From the records below, print only the part that opens with the line containing "to support equities" and closes with the line containing "This life expectancy"; omit the pictures.

EXERCISE INPUTS →
※ ※ ※

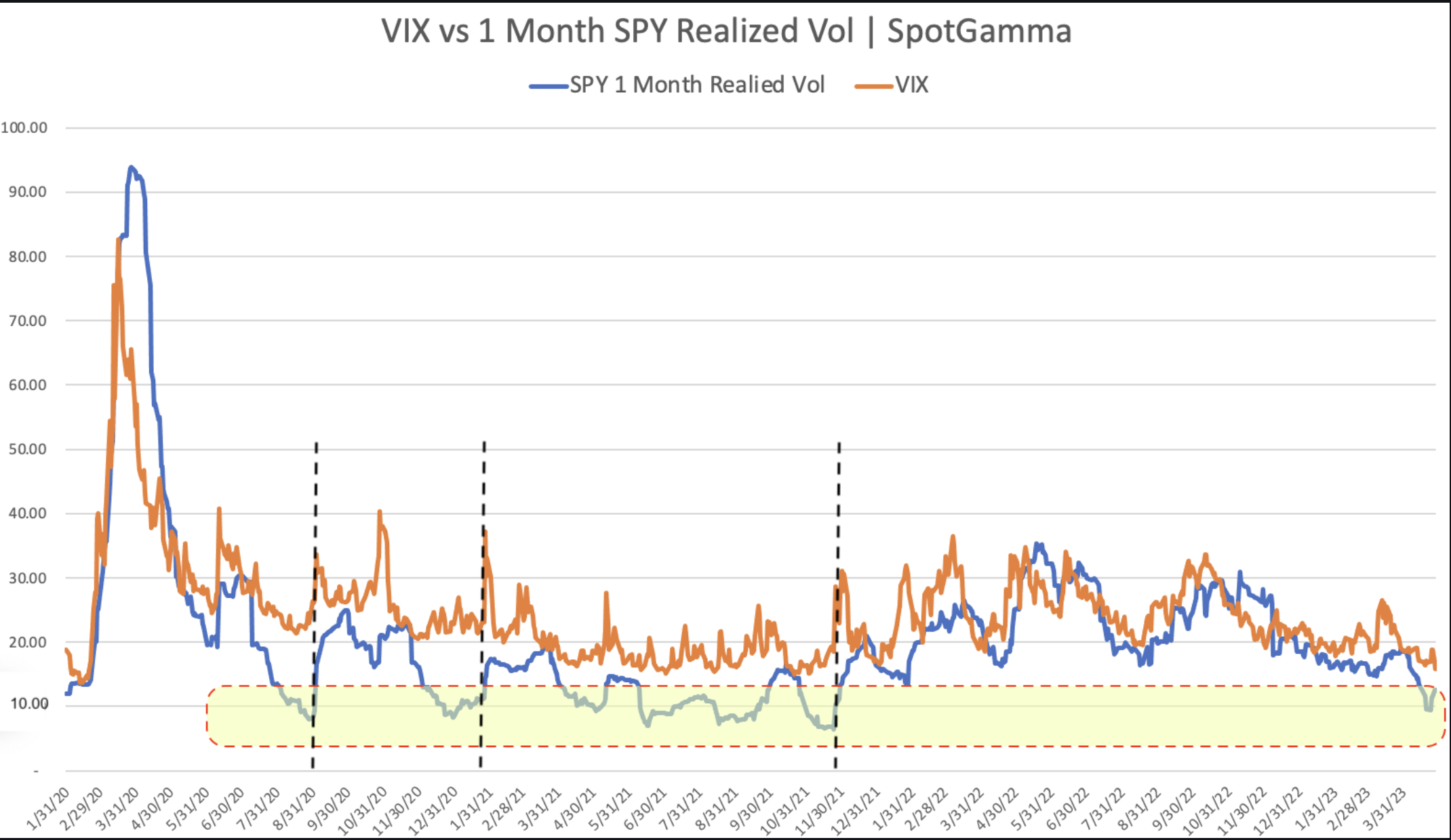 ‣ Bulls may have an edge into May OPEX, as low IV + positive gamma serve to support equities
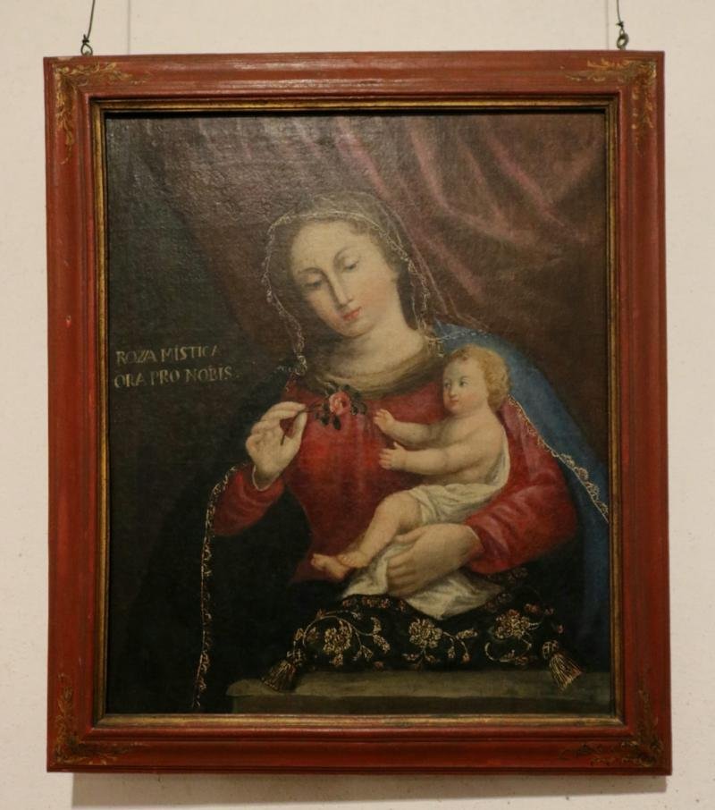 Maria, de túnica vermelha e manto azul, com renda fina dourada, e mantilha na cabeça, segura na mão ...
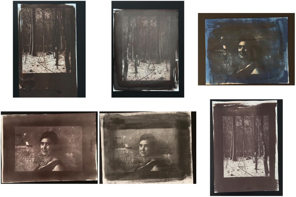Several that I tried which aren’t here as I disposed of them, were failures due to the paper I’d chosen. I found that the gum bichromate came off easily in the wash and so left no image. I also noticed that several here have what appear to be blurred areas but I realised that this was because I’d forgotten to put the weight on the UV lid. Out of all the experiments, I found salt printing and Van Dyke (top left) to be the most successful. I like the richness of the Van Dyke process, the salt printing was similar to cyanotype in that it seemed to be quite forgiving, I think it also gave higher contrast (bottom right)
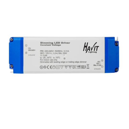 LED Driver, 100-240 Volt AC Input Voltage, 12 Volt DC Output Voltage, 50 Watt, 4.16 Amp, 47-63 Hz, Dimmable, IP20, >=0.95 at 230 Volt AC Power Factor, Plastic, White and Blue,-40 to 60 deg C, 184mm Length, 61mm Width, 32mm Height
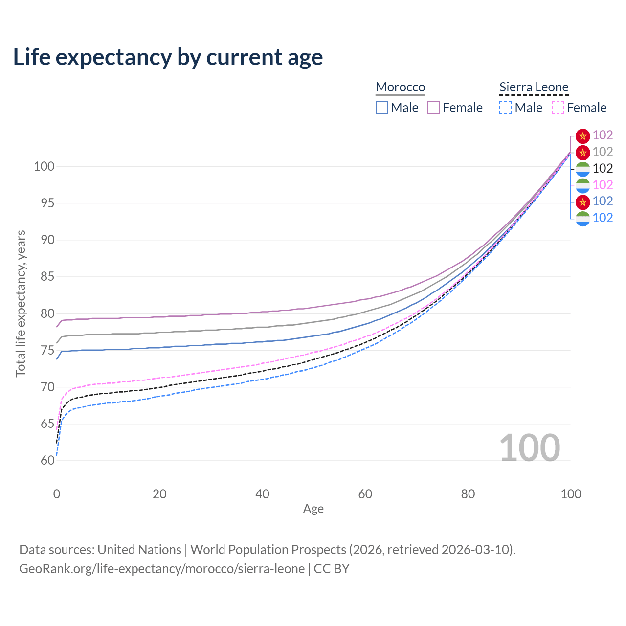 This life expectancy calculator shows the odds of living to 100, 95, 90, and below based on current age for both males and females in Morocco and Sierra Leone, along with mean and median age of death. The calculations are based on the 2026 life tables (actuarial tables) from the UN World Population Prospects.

※ ※ ※

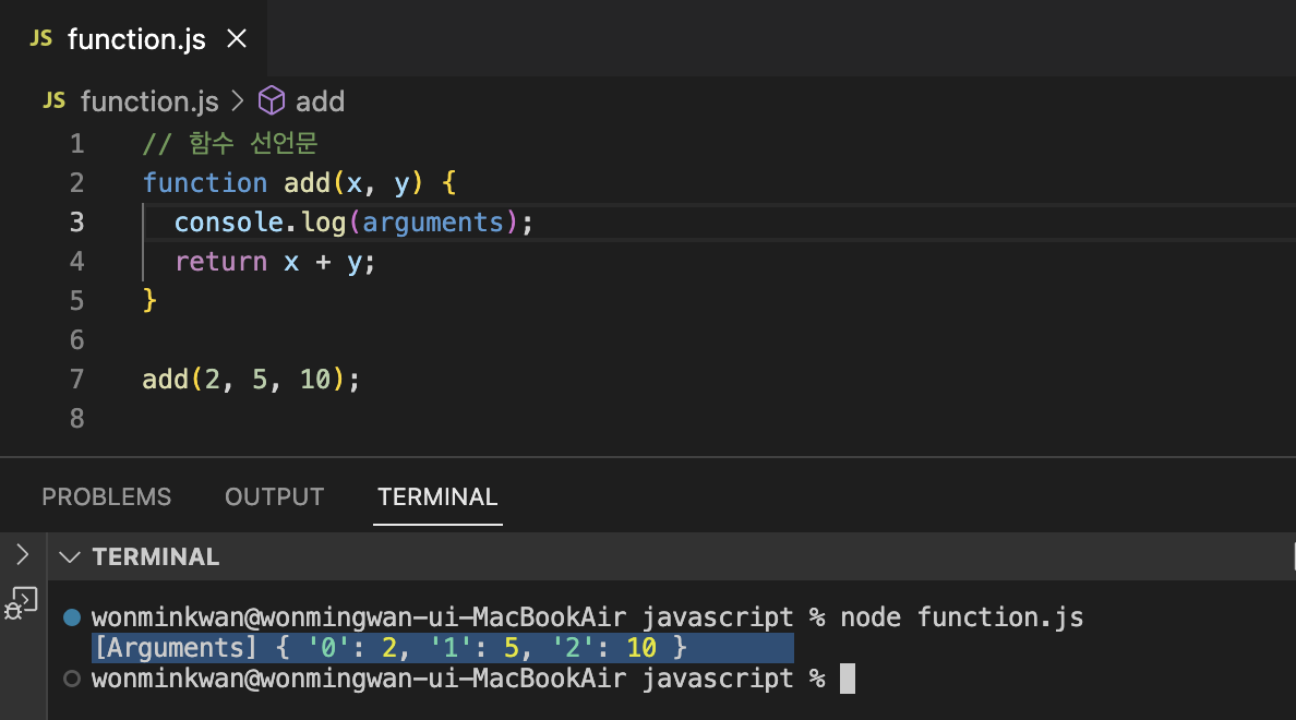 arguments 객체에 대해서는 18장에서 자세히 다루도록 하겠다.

※ ※ ※

SOLUTION →
 ‣ Bulls may have an edge into May OPEX, as low IV + positive gamma serve to support equities
 Maria, de túnica vermelha e manto azul, com renda fina dourada, e mantilha na cabeça, segura na mão ...
Several that I tried which aren’t here as I disposed of them, were failures due to the paper I’d chosen. I found that the gum bichromate came off easily in the wash and so left no image. I also noticed that several here have what appear to be blurred areas but I realised that this was because I’d forgotten to put the weight on the UV lid. Out of all the experiments, I found salt printing and Van Dyke (top left) to be the most successful. I like the richness of the Van Dyke process, the salt printing was similar to cyanotype in that it seemed to be quite forgiving, I think it also gave higher contrast (bottom right)
 LED Driver, 100-240 Volt AC Input Voltage, 12 Volt DC Output Voltage, 50 Watt, 4.16 Amp, 47-63 Hz, Dimmable, IP20, >=0.95 at 230 Volt AC Power Factor, Plastic, White and Blue,-40 to 60 deg C, 184mm Length, 61mm Width, 32mm Height
 This life expectancy calculator shows the odds of living to 100, 95, 90, and below based on current age for both males and females in Morocco and Sierra Leone, along with mean and median age of death. The calculations are based on the 2026 life tables (actuarial tables) from the UN World Population Prospects.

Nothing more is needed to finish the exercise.